Banking on cloud: Why mainframe migration is essential to Asian finance

  • Posted on August 9, 2022
  • Estimated reading time 4 minutes
Mainframe migration for Asian finance

For banks in Asia, the signs of the times are unmistakable - open banking is here to stay. Across the continent, economies are on the rebound, disposable incomes are rising, and digital banking has exploded. In fact, reports have indicated that over 80% of consumers in Singapore and Hong Kong prefer digital banking to more traditional channels.

Consumer expectations, too, are moving upward. For example, 34% of consumers in Singapore would prefer personalised financial offerings based on their spending behaviour, as opposed to generic off-the-shelf products.

And governments have been moved to action in support of a booming fintech industry.

While China and India have had well-defined digital payment stacks for the past few years, Indonesia and Singapore have launched national open API standards to enable and regulate an interoperable payments ecosystem. Asian fintechs have leapt into action, embedding services into key consumer touchpoints across third-party apps and delivering a customer experience that incumbent banks have barely been able to keep pace with.

Why can't traditional banks keep up?
At incumbent banks, the steadfast competition from fintech has drawn a considerable response. Many have invested in upgrading customer experience technology and their digital banking user experience (UX). However, most of these improvements are cosmetic and are still supported by ageing core systems that are siloed and hard to integrate with newer technologies. Outside Tier-1 institutions, many banks rely on outdated hardware - for example, the 1988 AS/400 mainframe forms the core for over 16,000 banks worldwide.

For years, banking IT departments have defended legacy systems as a robust foundation for banking cores, able to execute transactions at scale reliably, with little chance of failure. But a rapidly declining skill base has also added to the cost of maintaining, upgrading, and innovating decades-old systems.

Additionally, within open banking ecosystems, rising integration demands, and digital transaction volumes can create bottlenecks within older cores. Agile, AI-driven customisations are also much harder to execute using legacy systems when compared to highly modular cloud platforms.

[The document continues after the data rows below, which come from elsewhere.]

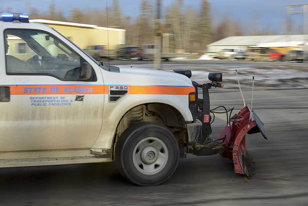 DOT station manager Brian Gabriel used a snow plow on a DOT pickup truck to scrape the bulk of the mud out of the road and onto the shoulder before Emerald Alaska Inc. spill cleanup services crews arrived with a pump truck, a pressure washer and several workers to clean up the road.
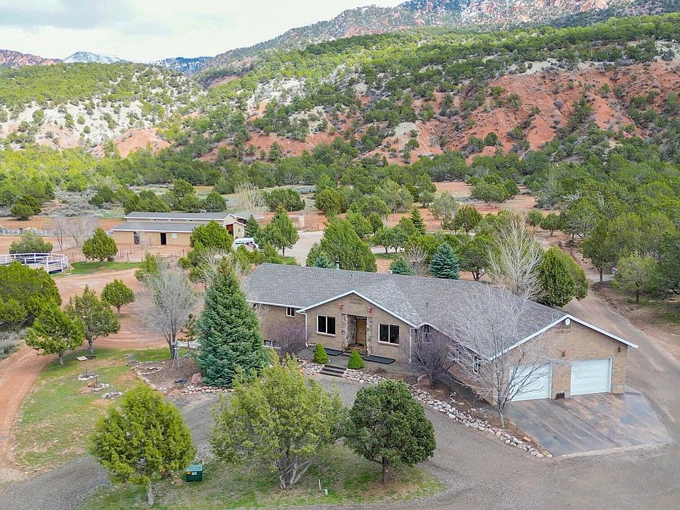 This home boasts of 5 bed 3.5 baths and storage space for everything. Full basement with a walk out and a wood burning stove downstairs. Upstairs is a gas fireplace and views from every window. There is a 6 stall horse barn along with more external corrals, a beautiful riding arena, round pen and bordering so much land to go ride out on the hills this location is ideal for the horse, cow, animal lovers!
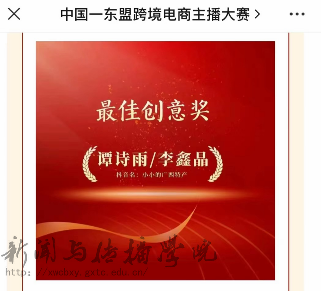 近日,2023年首届中国—东盟跨境电商主播大赛决赛圆满落幕。我院播音与主持艺术专业2021级1班谭诗雨同学、李鑫晶同学两人入围十强,斩获单项奖“最佳创意奖”。
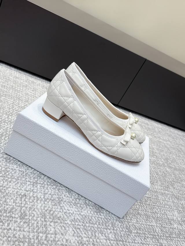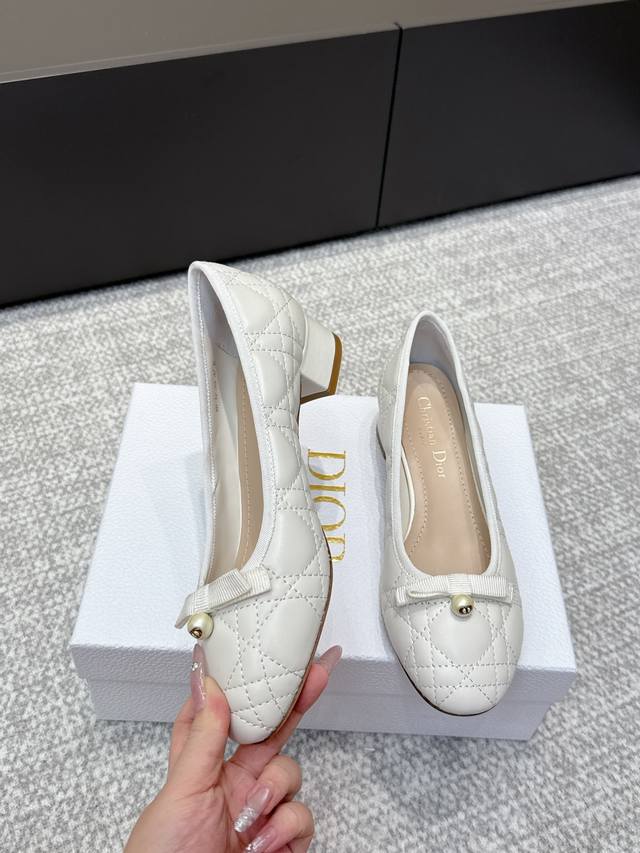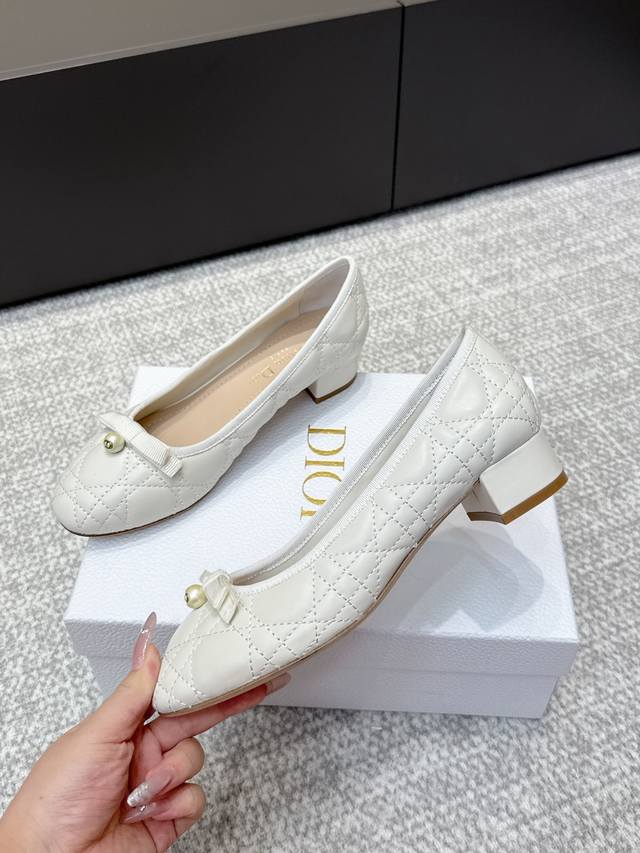 代购级 Dior迪奥 2025Ss新季圆跟玛丽珍圆头珍珠单鞋 新款Spectadior 芭蕾高跟鞋于发布秀精彩亮相 重新诠释经典的玛丽珍鞋 彰显高雅时尚的风格 单色调牛漆皮革鞋面饰予装修性孔眼细节 搭配珍珠 “Cd”扣子 精彩亮相 优雅的方形鞋头和5Cm厘米圆柱形鞋跟更显精致 可与该系列的绑腿搭配 彰显优雅女人的魅力
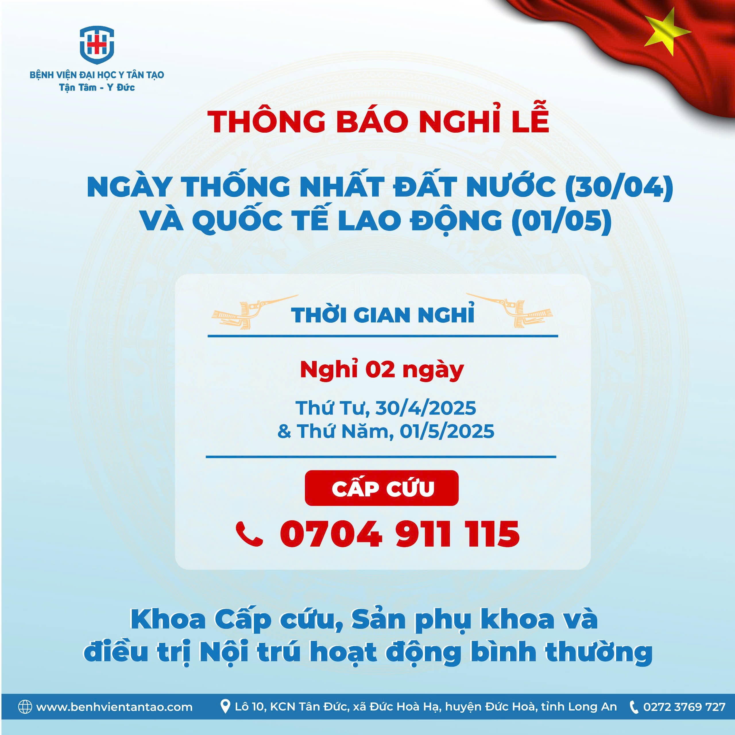 🎈 Trong thời gian nghỉ lễ, hoạt động Cấp cứu, Khoa Sản phụ và Điều trị Nội trú đảm bảo phục vụ 24/7.
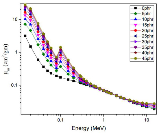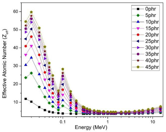 This research entailed the production of composite materials through the combination of natural rubber and acrylonitrile butadiene rubber, along with nano-silica-loaded bismuth (III) oxide, in varying concentrations ranging from 0 to 45 parts per hundred parts of rubber (phr). The gamma attenuation properties of the composites at different concentrations of Bi2O3 were measured. Additionally, the mechanical properties of the resulting composites, including hardness, tensile strength, and elongation, were tested. The composites with a concentration of 20 phr exhibited the highest tensile strength and elongation at break, followed by a subsequent decrease as the concentration of Bi2O3 increased. The gamma mass-attenuation coefficient of the composites increased as the Bi2O3 concentration increased from 0 to 45 phr, with values ranging from 0.083 to 0.090 cm2/g at 0.662 MeV. Moreover, the fast neutron mass removal cross-sections ranged from 0.092 to 0.072 cm2/g, corresponding to the variation of Bi2O3 concentration from 0–45 phr are also determined. Various parameters related to gamma-ray shielding, including the half-value layer, exposure build-up factor (EBF) up to 40 mean free path (mfp) penetration depth, and effective atomic number (Zeff) are also included. The radiation-induced aging of the prepared blend is tested by measuring the effect of radiation exposure on its shielding capability via its porosity change. The obtained results indicated that the prepared composites could be used for several radiation-protection applications.
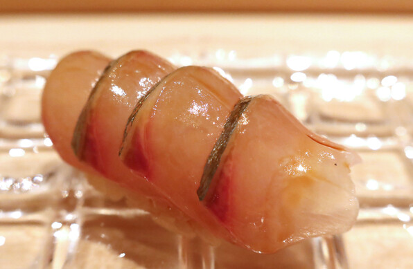 先付はこれだけ。わたしはこういうのが好きです。にぎりの前にいろいろあると、お腹ふくれてお寿司食べられなくなるのです。
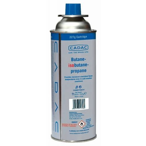 âą Cartouche de gaz 220g Ă©quipĂ©e d’une valve Ă bride SSN-29 contenant un mĂ©lange de gaz butane/propane.
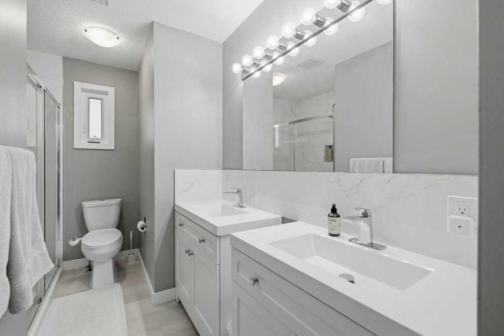 The rear door provides direct access to the basement stairwell, enhancing privacy and functionality. Downstairs, you’ll find a versatile lower level complete with a flexible recreation and family room, and an impressively large fourth bedroom with its own upgraded 4-piece ensuite bathroom. The large laundry/utility room offers an excellent space for all your laundry and storage needs.
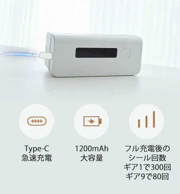 フル充電後は、ギア1で300回、ギア9で80回シールすることができ、耐久性があり、安心してお使いいただけます。

The need for migration is clear and present
Across the world, neobanking is rapidly gaining traction, and by 2030 the industry's projected global market share is expected to cross $2 trillion. This growth is largely driven by neobanks ability to quickly roll out personalised products and a low-friction customer experience. Traditional banks already know that without systems that can support a superior customer experience (CX), they risk a slow erosion of their market share and eventual obsolescence.

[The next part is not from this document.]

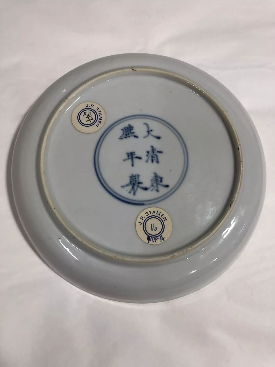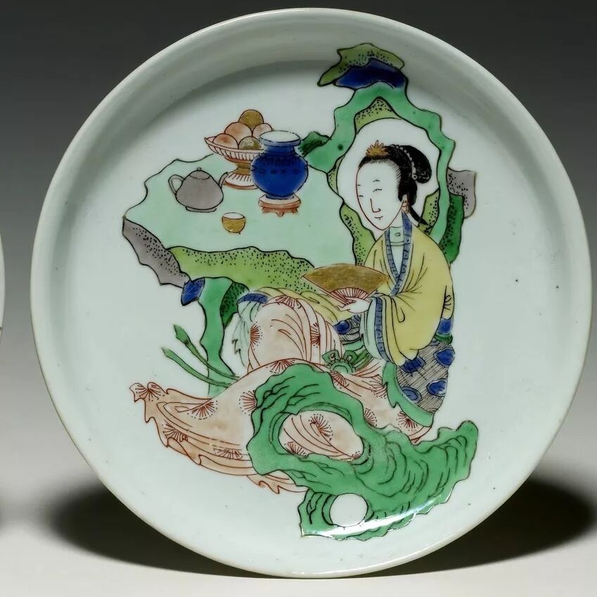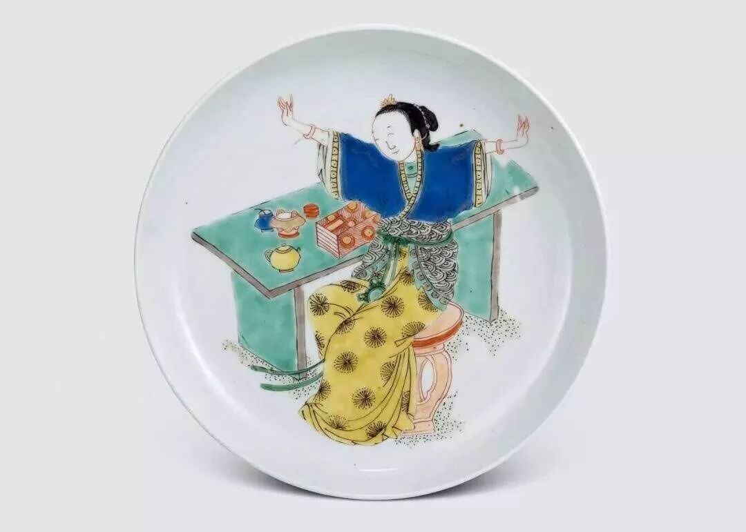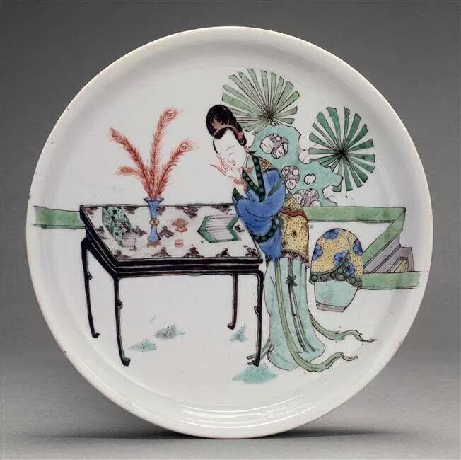 关于大头女的瓷器,我已经写了不知道几篇了,康熙瓷器上的美人我也已经用光所有词汇。(详情请戳:康 熙 瓷 器 上 的 美 人& 康熙瓷器上的美人)但是这一款还没有专门写过,就是盘子直壁但口沿微微外敞,尺寸不是很大,大约都在15-20厘米左右,中心都绘有单个仕女,或化妆,或头疼,或小憩。大英博物馆和吉美都有收藏。洁蕊堂这件比较特别的是有‘大清康熙年制’款。
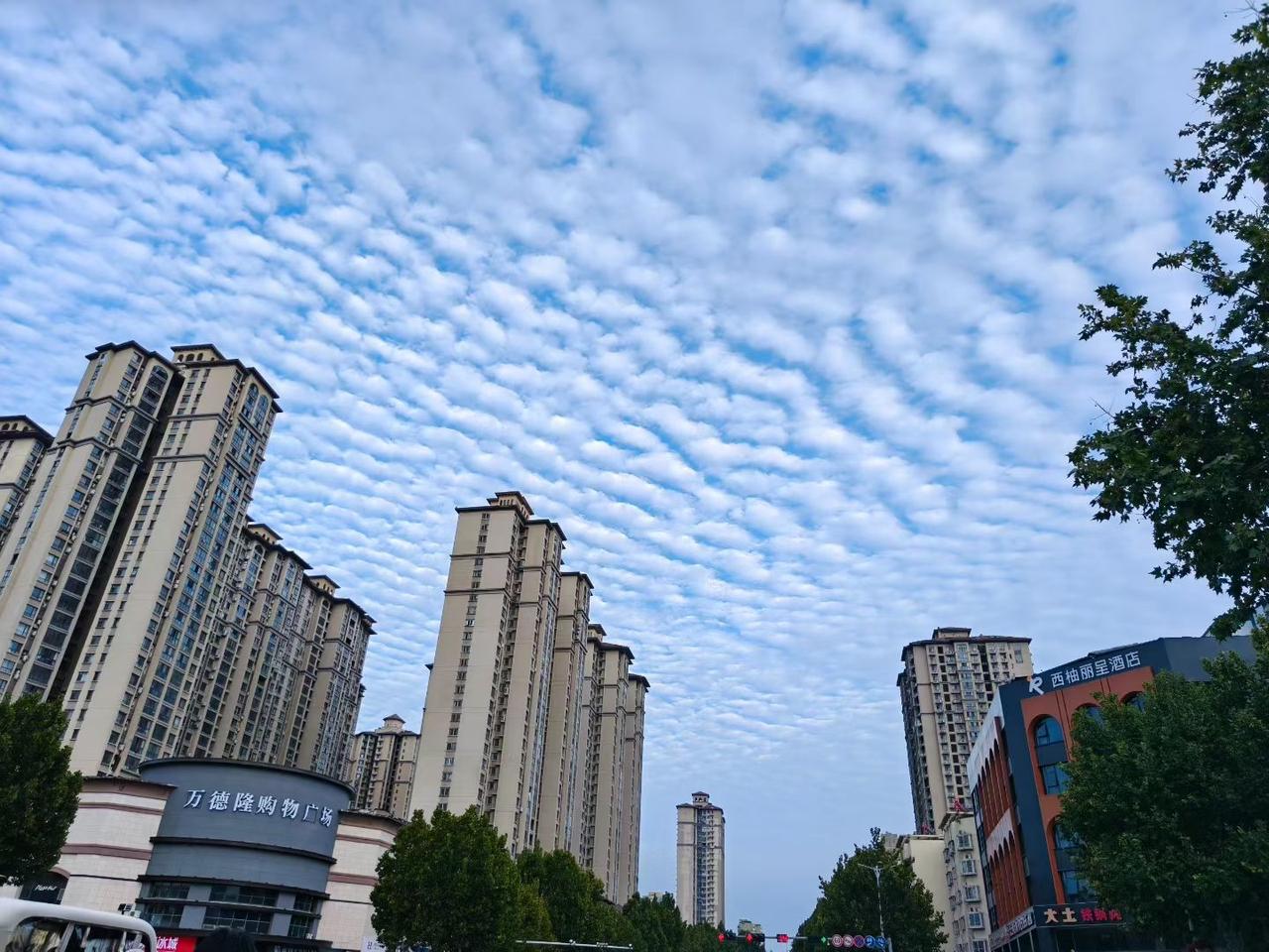 昨天下了一天的雨,终于可以出门了! 今天出门逛街,一抬头被天上的云惊艳到了!像鱼鳞一样一片一片铺在蓝天上,怪好看的。街道两边的高楼立在那儿,显得格外气派!路边的树绿油油的,给这城市街景添了不少生气。这样的天,这样的景,逛起街来都觉得心情倍儿好,生活里的小美好就藏在这些不经意的瞬间里呢。

But core banking product innovation is hard when your basic banking services are powered by decades-old spaghetti code.

To effectively transition to cloud-based systems, the business case for mainframe migration needs to be clearly mapped out in the context of an improved customer journey vis-a-vis the opportunity cost legacy systems incur. Similarly, to avoid catastrophic downtime and mission-critical system failure, any migration needs a holistic approach that weighs everything from network topologies and infrastructure to data management and integration capabilities against current and future business goals.

Choosing the right technology partners will be key
An IT partner with granular experience in mainframe platform migration can help banks identify which applications to migrate first and simultaneously create a long-term modernisation plan - one that addresses stakeholder pain points, talent availability, ROI, and value creation.

Avanade's recent acquisition of Asysco, a specialist mainframe platform consultancy, has helped optimise our ability to deliver a seamless and risk-free cloud migration program. We've long been proponents of a step-by-step migration that maintains business continuity and minimises downtime while transitioning to a microservices-based architecture for improved innovation agility.

For example, banking cores can be strategically decoupled from a limited set of product offerings. These offerings can then be hosted and tested in a cloud environment while leveraging mainframe processing power and business rules via API. A phased approach can create quick wins, demonstrating the credibility of the cloud to all stakeholders before embarking on a full migration. It also offers a remarkably stable route to modernisation, allowing banks to choose which components of their core to retain, which to upgrade, and which to migrate, all without destabilising mission-critical systems.